These putative advantages notwithstanding, the efficacy of activated B cells as APC is seldom compared with that of mature DC in head-to-head analyses.24 Furthermore, the ability of primary CD40L-activated B cells to take up and process whole protein antigens for presentation to naïve CD4+ T cells, a requirement for the induction of robust, long-lasting tumour immunity, has not been well described. To the extent that it has been studied, antigen-non-specific CD40L-activated primary B cells appear to take up and process tumour proteins for MHC class II presentation to CD4+ T cells when the B cells are cultured with relatively large amounts of lysates from tumour cell lines.32 However, the clinical feasibility of this approach is uncertain given finite amounts of primary tumour available to generate lysates and the minimal amount of any given protein antigen within the lysate.
A more efficient approach would be to exploit the B-cell receptor (BCR) to maximize internalization and processing of protein antigens for presentation by primary B cells to CD4+ T cells. Indeed, antigen processing and presentation to T-cell hybridomas by antigen-specific B cells is 1000–10 000 times more efficient than that of non-specific B cells.33–35 Furthermore, CD40L activation of antigen non-specific B cells increases their ability to process and present protein antigens to immortalized T cells.36 Here we combined several of these characteristics of activated B cells, i.e. the ability to expand primary B-cell populations in vitro, enhanced antigen processing by B cells following CD40L signalling, and increased antigen uptake through the BCR, to demonstrate the feasibility of preparing large numbers of efficient, antigen-specific primary B cells for antigen presentation to naïve or primed primary T cells. In so doing, we present the results of a direct head-to-head comparison between CD40L-activated B cells and mature DC with regard to presentation of MHC class I- and II-restricted peptides and whole protein antigens. Furthermore, we address the possibility of inducing hapten-specific B cells in vivo, activating and expanding them in vitro with CD40L, and exploiting their hapten-specific BCR to facilitate uptake, processing, and presentation of unrelated protein antigens conjugated with the immunizing hapten to naïve primary T cells.
Materials and methods
Mice
C57BL/6J (H-2b), C57BL/6-Tg(HLA-A2.1)1Enge/J, and C57BL/6.GFP mice were purchased from Jackson Laboratories (Bar Harbor, ME). Mice were housed in the AAALAC-accredited Boston University Laboratory Animal Science Center and used at 5–8 weeks of age. These studies were reviewed and approved by the Boston University Institutional Animal Care and Use Committee, protocol # AN-14052.
Antigens
Nitrophenol-conjugated bovine serum albumin (NP-BSA) and chicken γ-globulin (NP-CGG) were synthesized by Bioresearch Technology (Novarto, CA). BSA was purchased from Sigma-Aldrich Co. (St. Louis, MO). Peptides were synthesized by Dr C. Dahl (Harvard Medical School, Boston, MA). Peptide sequences are as follows: myelin oligodendrocyte glycoprotein (MOG) 35–55: MEVGWYRSPFSRVVHLYRNGK; myelin basic protein (MBP) 59–76: HTRTTHYGSLPQKSQHGR.

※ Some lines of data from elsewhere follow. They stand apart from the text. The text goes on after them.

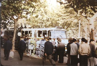 1980年 为了减少吊车现象,各线起终点站加装了“排队乘车栏杆”,图为20路中山公园终点站“排队乘车栏杆”
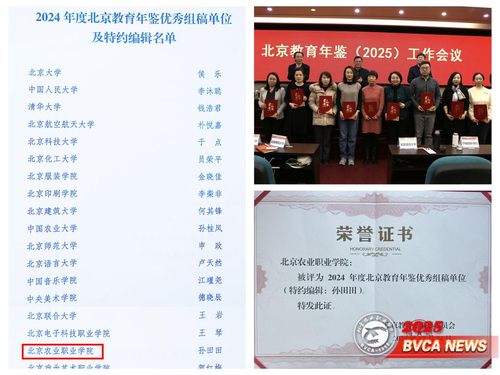 1月13日—14日,北京市教委组织市教育系统200余家单位召开了北京教育年鉴(2025)工作会议,会议总结了2024卷年鉴工作,部署2025卷年鉴编纂任务,并组织了相关培训和研讨,会议通报表扬了2024年度北京教育年鉴优秀组稿单位。学校荣获优秀组稿单位称号。
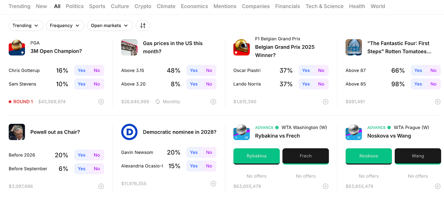 Kalshi organises markets across multiple categories: Politics, Sports, Economics, Crypto, Climate, and more. The trending section highlights markets with high activity or recent price movements.

Activation and growth of B cells with CD40L
Spleen cells were stimulated by growth on monolayers of irradiated, human CD40L-tranfected L cells. Expression of CD40L was regularly tested by flow cytometry using fluorescein isothiocyanate (FITC)-conjugated human CD40L-specific antibody (BD Biosciences, San Jose, CA) and cells were periodically sorted for high CD40L expression on a Dako MoFlo cell sorter (Dako, Fort Collins, CO). CD40L cells were irradiated (3000 rad) and plated in six-well plates (Corning, Corning, NY) at a concentration of 0·4 × 105 cells per well in Dulbecco's modified Eagle's minimal essential medium supplemented with 10% fetal calf serum (FCS), 1% HEPES, 1%l-glutamine, and 1% penicillin/streptomycin (Sigma-Aldrich). Adherent CD40L-expressing L cell monolayers were established within 12–14 hr. Murine splenocytes (1·25 × 106 cells/ml) were added to the monolayers and the cultures were supplemented with 10 ng/ml rIL-4 (RDI/Fitzgerald Industries Intl, Concord, MA). To prevent outgrowth of T cells, cyclosporin A (5·5 × 10−7 m; Sigma–Aldrich) was added. Cells were transferred to fresh monolayers of irradiated CD40L cells every 3–4 days, with cyclosporin A present only for the first two passages. Cell number and viability were established by trypan blue exclusion. The percentage of B220+ cells was determined by flow cytometry using FITC- or phycoerythrin (PE)-conjugated B220-specific antibody (BD Biosciences). After two passages, cultures consisted of >95% B220+ B cells.
Mature dendritic cells
Dendritic cells were generated from bone marrow as previously described.37 Briefly, bone marrow was flushed from mouse femurs, dissociated, washed, and cultured at an initial density of 2 × 105 cells/ml in RPMI-1640 supplemented with 2 mm l-glutamine, 50 μm 2-mercaptoethanol, 10% FCS, 60 U/ml recombinant granulocyte–macrophage colony-stimulating factor (rGM-CSF) and 100 U/ml rIL-4. The medium was replenished at day 2 and cells cultured for an additional 4–5 days. Maturation was induced by adding 50 ng/ml tumour necrosis factor-α (TNF-α; RDI/Fitzgerald Industries). Mature DC were washed and harvested by gentle scraping 3 days later.
Flow cytometry
Naïve B cells, CD40L-activated B cells, or mature DC (106) were incubated with 50 μl of Fc block (BD Biosciences) for 30 min. Cells then were incubated for 30 min on ice with FITC-labelled antibody specific for MHC class I (H-2Kb), MHC class II (I-Ab/I-Eb), CD80, or CD86 and PE-conjugated antibody specific for B220 or CD11c (BD Biosciences). Cells were washed and fixed in 1% paraformaldehyde before analysis in a Becton-Dickinson FACScan flow cytometer (Becton Dickinson, San Jose, CA).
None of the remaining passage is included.